About Her

Hello,


This is going to be a short read.
a few weeks maybe even months I don't remember to well something happened to "her" I have been begged and sworn to secrecy over it and that is her wish... the police on the other hand have turned their backs on us and so have our family and friends so.... difficult time...
Please understand that there will be information on her soon just not now, I will NEVER write about her or include her name on here until she is comfortable with that.
It will happen soon I promise you that... just not now!


This is the main reason this Journal exists, because she deserves so much better and I think first things first she needs a vacation and to personally know I am not going anywhere, this is to raise funds for that and to share my fund raising with the world!

Thanks for understanding!





She has given me permission to tell everyone I see because I'm not sure but to her I think it makes it better.. maybe makes her feel safer?

About a month ago now my girlfriend was Raped, she was Raped and beaten for being nice to the new guy on the block, he followed her into the women's toilets at our local park and he punched her in the crotch... he then held her down and had his way with her.

I really have no idea what to type and am hoping that what I am typing is making sense because it is hard to justify this under writing...

She came to my house and she was covered in mud and was really shaking... she sat in my computer chair and just started crying... I tried to hug her but she flipped out and started punching me and screaming so I left her to it...

Then she asked my permission to use my shower she said she had horrible stuff on her and felt dirty so I let her use the shower... she was in there for about half hour at least... she came in and sat on bed next to me and asked if I still wanted to hug her...

She told me everything that happened in every single detail and fir first time in my life I think my heart stopped beating and that little part of me that... that little part of anyone that wants to hurt people for pure sake of it... that little fellow came up.

I wanted to go to his house and I wanted to slam his head into his wall as hard and for as long as possible...

You see we know her attacker and now we know he has done it before... he is called Ryan Underhill and he lives a few doors down from me.... he breathes my air and lives on the same let alone dirt but the same street as me.

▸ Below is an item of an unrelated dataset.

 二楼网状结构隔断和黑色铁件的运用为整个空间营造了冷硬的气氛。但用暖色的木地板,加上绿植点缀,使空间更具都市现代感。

This might seem the worse part but the worse part is the Police treated us like the criminals and because he lied to them have dropped the case as it would take to much work to bring him to justice... this may seem the worse part but no... we have had an official warning that if ANY one touches him my girl will be charged with assault and they would prosecute the attacker to the fullest....

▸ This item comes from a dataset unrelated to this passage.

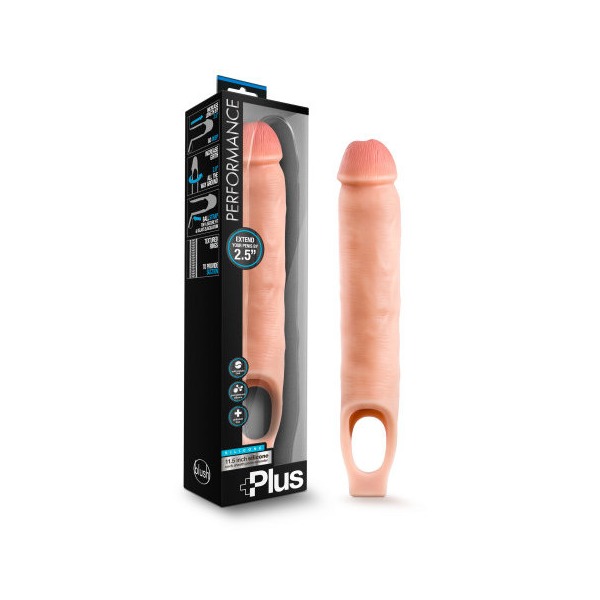 Performance Plus 11.5 Inches Silicone Cock Sheath Penis Extender Beige from Blush Novelties. Amplify with extra girth and length are yours. Sensation for both partners by internal ribbing creates suction and more sensation for the wearer. Stays on - ball strap secures around ball sack. Peace of mind - made of Platinum Cured Silicone. Contains no fragrances, phthalates or latex. Size - 11.5 inches in total length, 8.75 inches insertable length by 2 inches in width. The Performance Plus 11.5 Inches Cock Sheath Penis Extender offers a smooth, realistic feel while maximizing your potential. Gain more girth and 2.5 inches extra length! The internal ribbing creates suction that holds the sheath securely in place. It also amplifies sensation for the wearer. Just insert your penis into the Performance Plus 11.5 Inches Sheath and then slide your testicles through the ball strap. Then explore new dimensions with your partner! Made of platinum cured silicone, the Performance Plus 11.5 Inches Cock Sheath is durable, body safe, and easy to keep clean.
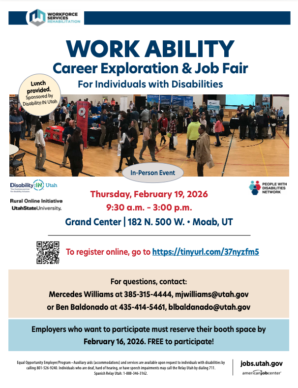 For individuals with disabilities seeking employment: the Work-Ability Career Exploration & Job Fair in Moab, UT is set to be held on February 19, 2026!

no that is not even the worst part.. the worst part is she has to live with him just down the road knowing that this is his hobby... that he rapes girls and is untouchable and that at the end of the day he has protection... we don't and we never will...


You want the good news?

Our lives were saved....

You may wander why I had ignored the Journal for awhile? fine I'll admit I was planning on Murdering Ryan Underhill... it was my job and my job alone to protect her and keep her safe and I'd failed.. as a boyfriend and as a man.. I was worthless and dammit if it was the only way to keep her safe and to keep other girls that unfortunately will also probably end up bumping into him then so be it...

Now the saving part?

A very nice woman (who will not be named but she knows who she is) a nice woman who I am dedicating this heart felt rant to got up on my facebook and suggested the shinning light that we needed to get through this...

We from possibly tomorrow then if not Friday will be studying Karate... I think it is perfect to build her confidence and train her in the use of self defence so that nothing like this will ever happen again...

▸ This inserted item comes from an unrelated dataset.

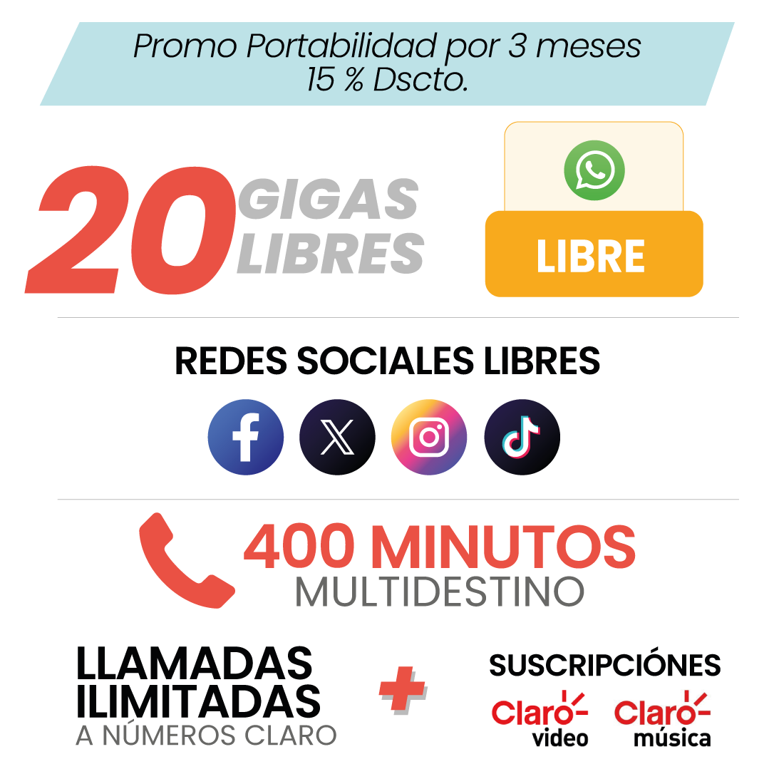 El Plan incluye 20 GB de datos para navegación, GB libres para WhatsApp, Facebook, Instagram, Tik Tok y X, 400 minutos a todo destino nacional, llamadas ilimitadas a Claro, 200 SMS, suscripción gratuita a Claro Video por 24 meses con 10 GB adicionales para ver contenido y Claro Música

I just still feel bad it may happen to other girls in my area and there is no stopping him...

I hope this will help us both but I also hope he will meet justice....



Thanks for reading this.. I'm sorry there was no easy way to type that and there was no easy way of typing my own actions and how I would use those actions... you might think of me as Evil trust me.. so do I but at least from the good heart of another person we were saved... we thank you internet stranger... and I'm sure our children will thank you in the many years to come!